Die Bedingungen der Unterbringung in der Gemeinschaftsunterkunft "Auf dem Stieg" sind in unseren Augen für jeden Flüchtling, besonders aber für minderjährige Jugendliche und Kinder unzumutbar. Sie verstoßen in eklatanter Weise gegen die von den Wohlfahrtsverbänden aufgestellten Mindeststandards für Flüchtlingsunterkünfte.

Den unbegleiteten minderjährigen Jugendlichen, die selbst durch ihre Verfolgung und Flucht im höchsten Maße verletzlich sind und dringend vertrauensvollen Schutz genießen müssen, drohte in dieser Gemeinschaftsunterkunft eine Störung in ihrer Entwicklung, wenn nicht ihr Vormund präventiv eingegriffen hätte. Trotz aller Beteuerungen von Ihrer Seite in den letzten Monaten, dass die Bedingungen in dieser Gemeinschaftsunterkunft "gesund und sozial verträglich" sind, müssen wir feststellen, dass Sie mit der Unterbringung dieser beiden Jugendlichen "Auf dem Stieg" unverantwortlich gehandelt und die Gefahr einer psychischen Entwicklungsstörung für diese Jugendlichen in Kauf genommen haben. In der Zwischenzeit konnte dies erfreulicher Weise korrigiert werden. Sie allerdings legen, für uns völlig unverständlich, noch eins drauf und klagen den mutigen und um das Wohl dieser Jugendlichen sich sorgenden Vormund an, obwohl dieser nur seine Pflicht getan hat.

In der UN-Kinderkonvention, die auch von der deutschen Regierung 1992 unterschrieben worden ist und an der sich auch Ihre Behörde zu halten hat, heißt es:

Art. 3: Bei allen Maßnahmen, die Kinder betreffen, gleichviel ob sie von öffentlichen oder privaten Einrichtungen der sozialen Fürsorge, Gerichten, Verwaltungsbehörden oder Gesetzgebungsorganen getroffen werden, ist das Wohl des Kindes ein Gesichtspunkt, der vorrangig zu berücksichtigen ist.

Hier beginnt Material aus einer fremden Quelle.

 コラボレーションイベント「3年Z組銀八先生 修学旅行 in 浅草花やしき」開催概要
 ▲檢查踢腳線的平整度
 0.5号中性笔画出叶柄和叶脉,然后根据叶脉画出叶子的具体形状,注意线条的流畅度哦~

Art. 22: Die Vertragsstaaten treffen geeignete Maßnahmen, um sicherzustellen, dass ein Kind, das die Rechtsstellung eines Flüchtlings begehrt oder nach Maßgabe der anzuwendende Regeln und Verfahren des Völkerrechts angemessenen Schutz und humanitäre Hilfe bei der Wahrnehmung der Rechte erhält, die in diesem Übereinkommen oder in anderen internationalen Übereinkünften über Menschenrecht oder über humanitäre Fragen, denen die genannten Staaten als Vertragsparteien angehören, festgelegt sind, und zwar unabhängig davon, ob es sich in Begleitung seiner Eltern oder einer anderen Person befindet oder nicht.

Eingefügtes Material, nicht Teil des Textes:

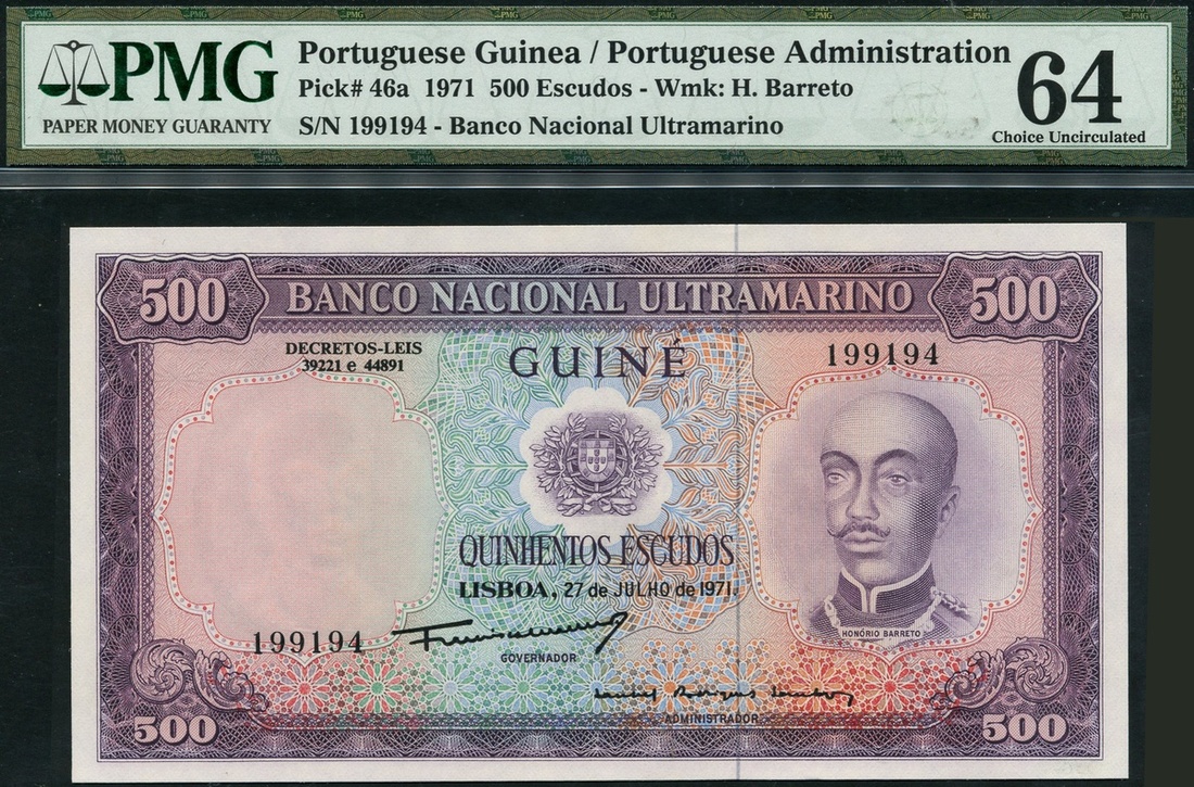 (x) Banco Nacional Ultramarino, Portuguese Guinea, a set of the 1971 issue comprising 50, 100 and 500 escudos, brown, blue and purple respectively, first two with Tristao at right, last with Barreto at right

Aus diesem Grunde gehören anstatt der Vormund, der durch sein mutiges Eingreifen Schlimmeres von den Jugendlichen abgewendet hat, Sie als beteiligte Behörde eher auf die Anklagebank, weil Sie gegen internationales Recht verstoßen und grundgesetzwidrig die Ihnen auferlegte Sorgfaltspflicht verletzt haben.